Así pues, el Vencejo voló sobre la gran ciudad, y vio a los ricos divirtiéndose en sus hermosas mansiones, mientras los mendigos se acurrucaban a sus puertas. Voló entre sombríos callejones, y vio los pálidos rostros de criaturitas hambrientas que miraban con indiferencia las lóbregas calles. Bajo la arcada de un puente dos chiquillos yacían abrazados para darse calor mutuamente. «¡Qué hambre tenemos!», decían, pero el vigilante nocturno les gritó: «No podéis pernoctar ahí», y salieron a vagar sin rumbo bajo la lluvia.

Entonces regresó y contó al Príncipe lo que había visto.

«Estoy cubierto de oro puro», dijo el Príncipe. «Tienes que desprenderlo hoja por hoja y dárselo a mis pobres; los seres humanos creen que el oro puede hacerles felices».

El Vencejo arrancó hoja tras hoja de oro puro, hasta que el Príncipe Feliz se quedó completamente gris y desvaído. Llevó a los pobres hoja tras hoja de oro puro, y los semblantes de los niños se volvían más sonrosados, y reían y jugaban en las calles. «¡Ahora tenemos pan!», gritaban.

Luego llegó la nieve, y después de la nieve el hielo. Las calles parecían cubiertas de plata, tal era su resplandor. Largos carámbanos cual dagas de cristal pendían de los aleros de las casas; todo el mundo iba envuelto en pieles, y los niños llevaban capas de color grana y patinaban sobre el hielo.

Aunque el pobre Vencejito sentía cada vez más frío, no quiso abandonar al Príncipe, pues le tenía un gran cariño.
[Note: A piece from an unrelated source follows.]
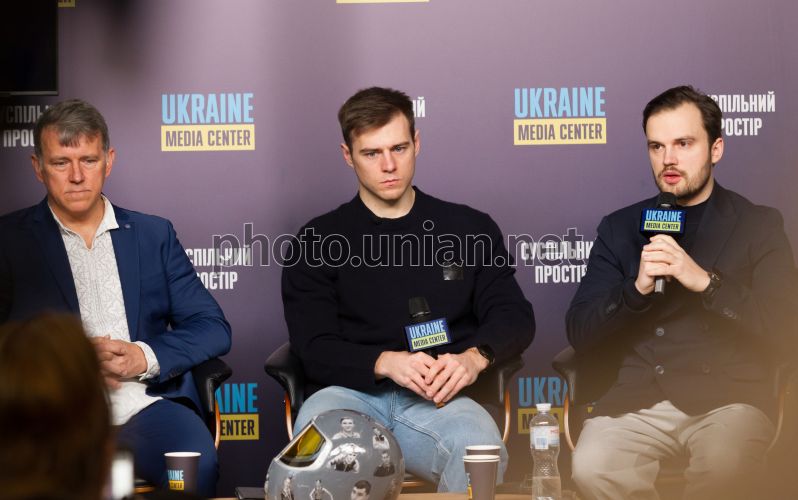 Отец и тренер Владислава Гераскевича Михаил Гераскевич, украинский скелетонист Владислав Гераскевич, адвокат Евгений Пронин (слева направо) во время пресс-конференции, в Киеве, 19 февраля 2026 г. Украинский скелетонист Владислав Гераскевич рассказал о планах бороться дальше после проигранного суда в CAS по его дисквалификации по Олимпиаде-2026. Гераскевича дисквалифицировали из Олимпиады-2026 за желание выступить в "шлеме памяти", на котором изображены погибшие украинские спортсмены. Фото Надежда Звягина / УНИАН
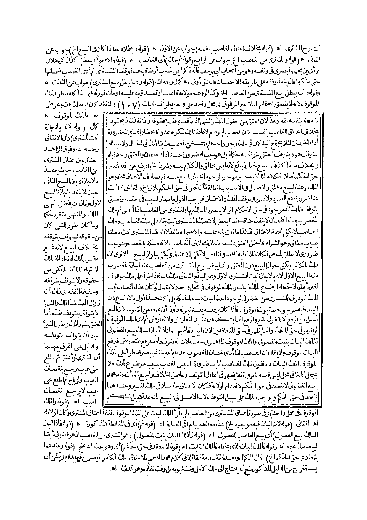 ـــــــــــــــــــــــــــــQالشَّارِحِ الْمُشْتَرِي. اهـ. (قَوْلُهُ بِخِلَافِ إعْتَاقِ الْغَاصِبِ بِنَفْسِهِ) جَوَابٌ عَنْ الْأَوَّلِ. اهـ. (قَوْلُهُ وَبِخِلَافِ مَا إذَا كَانَ فِي الْبَيْعِ إلَخْ) جَوَابٌ عَنْ الثَّانِي. اهـ. (قَوْلُهُ وَالْمُشْتَرِي مِنْ الْغَاصِبِ إلَخْ) جَوَابٌ عَنْ الرَّابِعِ (قَوْلُهُ، ثُمَّ مَلَكَ) أَيْ الْغَاصِبُ. اهـ. (قَوْلُهُ وَالْأَصَحُّ أَنَّهُ يَنْفُذُ) كَذَا ذَكَرَهُ هِلَالُ الرَّأْيِ ابْنُ يَحْيَى الْبَصْرِيُّ فِي وَقْفِهِ وَهُوَ مِنْ أَصْحَابِ أَبِي يُوسُفَ فَإِنَّهُ ذَكَرَ فِيمَنْ غَصَبَ أَرْضًا فَبَاعَهَا فَوَقَفَهَا الْمُشْتَرِي، ثُمَّ أَدَّى الْغَاصِبُ ضَمَانَهَا حَتَّى مَلَكَهَا قَالَ: يَنْفُذُ وَقْفُهُ عَلَى طَرِيقَةِ الِاسْتِحْسَانِ فَالْعِتْقُ أَوْلَى. اهـ. كَمَالٌ - رَحِمَهُ اللَّهُ - (قَوْلُهُ وَإِنَّمَا يَبْطُلُ بَيْعُ الْمُشْتَرِي) جَوَابٌ عَنْ الثَّالِثِ اهـ وَقَوْلُهُ وَإِنَّمَا يَبْطُلُ بَيْعُ الْمُشْتَرِي مِنْ الْغَاصِبِ إلَخْ وَكَذَا لَوْ وَهَبَهُ مَوْلَاهُ لِلْغَاصِبِ أَوْ تَصَدَّقَ بِهِ عَلَيْهِ أَوْ مَاتَ فَوَرِثَهُ فَهَذَا كُلُّهُ يُبْطِلُ الْمِلْكَ الْمَوْقُوفَ؛ لِأَنَّهُ لَا يُتَصَوَّرُ اجْتِمَاعُ الْبَاتِّ مَعَ الْمَوْقُوفِ فِي مَحَلٍّ وَاحِدٍ عَلَى وَجْهٍ يَطْرَأُ فِيهِ الْبَاتُّ وَإِلَّا فَقَدْ كَانَ فِيهِ مِلْكٌ بَاتٌّ وَعَرَضَ مَعَهُ الْمِلْكُ الْمَوْقُوفُ اهـ كَمَالٌ.

Picoteaba migajas a la puerta de la tahona cuando el panadero no miraba, y trataba de conservar el calor batiendo las alas.

Pero al fin comprendió que iba a morir. Tan sólo tuvo fuerzas para volar una vez más hasta el hombro del Príncipe.

«¡Adiós, querido Príncipe!», susurró. «¿Me permites que te bese la mano?»

«Me alegro de que te vayas por fin a Egipto, Vencejito», contestó el Príncipe; «te has quedado aquí demasiado tiempo. Pero debes besarme en los labios, pues yo te quiero».

«No es a Egipto adonde voy», dijo el Vencejo. «Voy a la Gasa de la Muerte. La Muerte es la hermana del Sueño, ¿no es así?»

Y besando al Príncipe Feliz en los labios, cayó muerto a sus pies.

En aquel momento resonó en el interior de la estatua un extraño crujido, como si algo se hubiera roto. La realidad era que el corazón de plomo se había partido en dos. Ciertamente la helada era espantosa.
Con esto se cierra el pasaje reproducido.